Restate the records that follow word for word. Omit the images.

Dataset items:
******

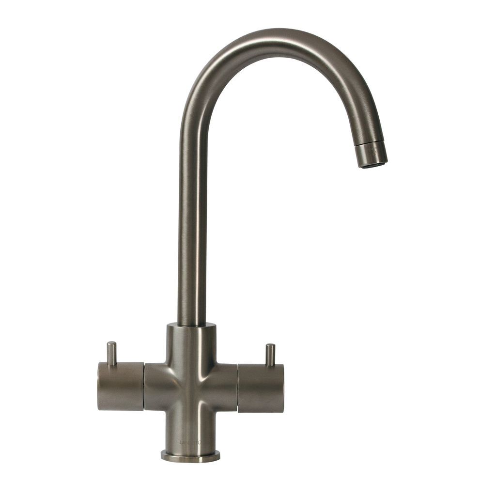 De Lanesto DUE is een messing keukenmengkraan die met twee hendels zowel koud als warm water bedient. De kraan is verkrijgbaar in chroom en een pvd coating in de kleur rvs. Dankzij het design en de kleur kunt u de pvd uitvoering uitstekend combineren met andere artikelen zoals spoelbakken, verlichting en zeepdispensers.
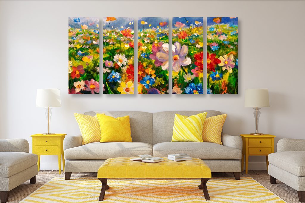 5-dílný obraz malba květinové louky
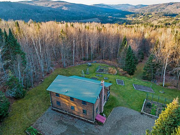 Looking for that rustic log cabin in the Great North Woods, search no further. This well crafted log home is located on 46 acres with direct snowmobile access (trail at back of property) and atv access from the road. In addition, there is an insulated 30ft x 40ft detached garage with a 16ft wide x 12ft high door (just need to add heat source if desired) This home offers beautiful pine floors on the upper level and rustic touches throughout including a bonus room on the first floor that could be used for an additional sleeping area or an office. The front porch offers the potential for expansive mountain views with a limited amount of tree clearing. The full basement is another area that could be finished off with hookup already in place for generator. In addition flower and garden boxes are already set up on property. Located right off a town maintained road but private. A must see!
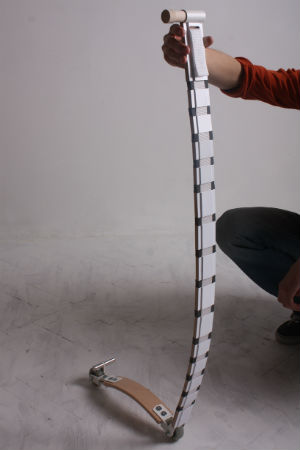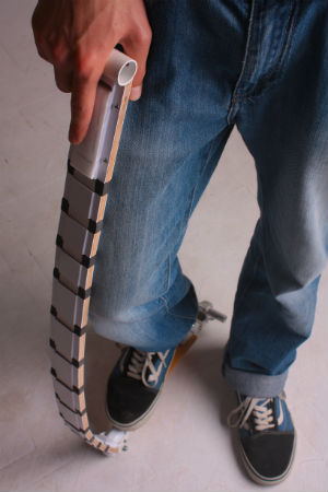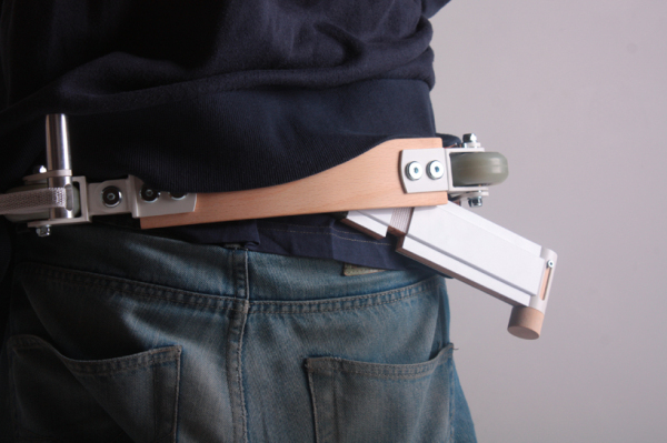 皮带踏板车是用户作为皮带佩戴的,是一辆摩托车。尽管它确实提出了一个问题,即那条皮带握住裤子的状况如何。它由一块弯曲的木头组成,足够强大,可以承受一个人的体重,但足够轻到腰间穿着。将垂直车把分为段,这意味着它们将保持柔韧性,直到拧紧内部的皮带为止。当它收紧时,整个设备将变得僵化。
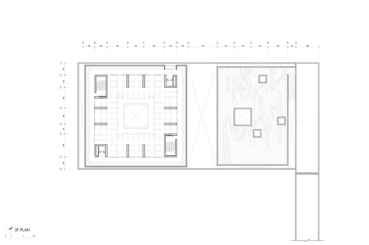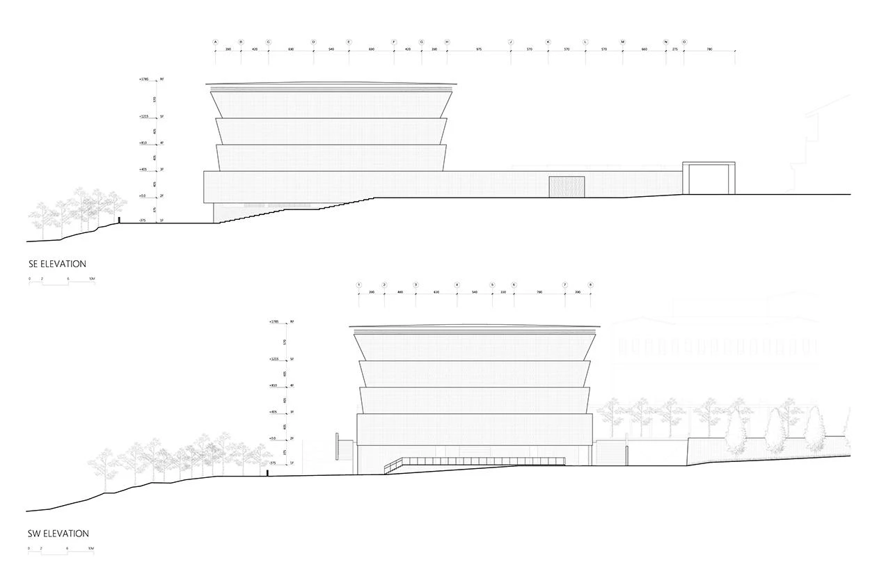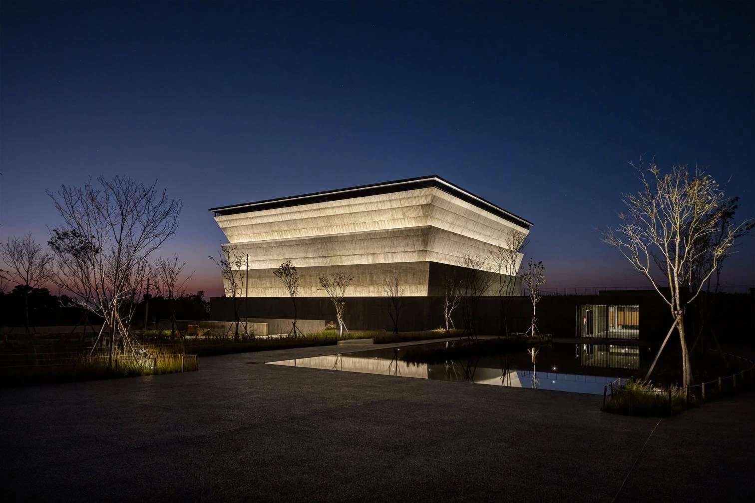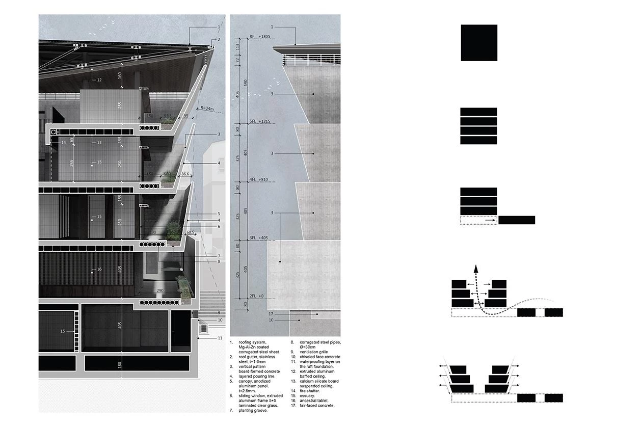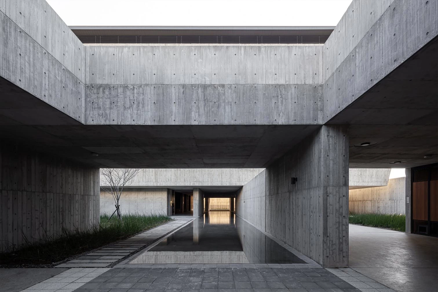 The cemetery in Hsinchu, known as ‘the wind city’, is located high up on Xiangshan Hill, overlooking the sea and exposed to gusts crossing the Taiwan Strait. Protected by an introspective concrete skin, the main volume harboring the columbarium is formed by the stacking of slanting walls, with perimetral rows of vegetation inserted at the base.
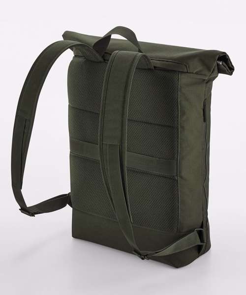 Contains 100% certified recycled polyester. Water-repellent fabric. Minimalist styling. Magnetic roll-top closure. Padded laptop compartment, compatible up to 15.6". External pocket for easy access to internal laptop compartment. Zipped side pocket for bottle/umbrella. Exterior zipped front pocket for easy decoration. Internal slip pocket. Padded air mesh back panel. PU, self-coloured zip pulls. Rear luggage strap. Padded, adjustable mesh shoulder straps. TearAway label for ease of rebranding.
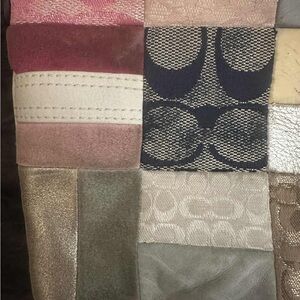 • Materials: The bag features a mix of materials, including Coach signature canvas, suede, and leather panels in various colors.

******

EXERCISE ANSWER
 De Lanesto DUE is een messing keukenmengkraan die met twee hendels zowel koud als warm water bedient. De kraan is verkrijgbaar in chroom en een pvd coating in de kleur rvs. Dankzij het design en de kleur kunt u de pvd uitvoering uitstekend combineren met andere artikelen zoals spoelbakken, verlichting en zeepdispensers.
 5-dílný obraz malba květinové louky
 Looking for that rustic log cabin in the Great North Woods, search no further. This well crafted log home is located on 46 acres with direct snowmobile access (trail at back of property) and atv access from the road. In addition, there is an insulated 30ft x 40ft detached garage with a 16ft wide x 12ft high door (just need to add heat source if desired) This home offers beautiful pine floors on the upper level and rustic touches throughout including a bonus room on the first floor that could be used for an additional sleeping area or an office. The front porch offers the potential for expansive mountain views with a limited amount of tree clearing. The full basement is another area that could be finished off with hookup already in place for generator. In addition flower and garden boxes are already set up on property. Located right off a town maintained road but private. A must see!
 皮带踏板车是用户作为皮带佩戴的,是一辆摩托车。尽管它确实提出了一个问题,即那条皮带握住裤子的状况如何。它由一块弯曲的木头组成,足够强大,可以承受一个人的体重,但足够轻到腰间穿着。将垂直车把分为段,这意味着它们将保持柔韧性,直到拧紧内部的皮带为止。当它收紧时,整个设备将变得僵化。
 The cemetery in Hsinchu, known as ‘the wind city’, is located high up on Xiangshan Hill, overlooking the sea and exposed to gusts crossing the Taiwan Strait. Protected by an introspective concrete skin, the main volume harboring the columbarium is formed by the stacking of slanting walls, with perimetral rows of vegetation inserted at the base.
 Contains 100% certified recycled polyester. Water-repellent fabric. Minimalist styling. Magnetic roll-top closure. Padded laptop compartment, compatible up to 15.6". External pocket for easy access to internal laptop compartment. Zipped side pocket for bottle/umbrella. Exterior zipped front pocket for easy decoration. Internal slip pocket. Padded air mesh back panel. PU, self-coloured zip pulls. Rear luggage strap. Padded, adjustable mesh shoulder straps. TearAway label for ease of rebranding.
 • Materials: The bag features a mix of materials, including Coach signature canvas, suede, and leather panels in various colors.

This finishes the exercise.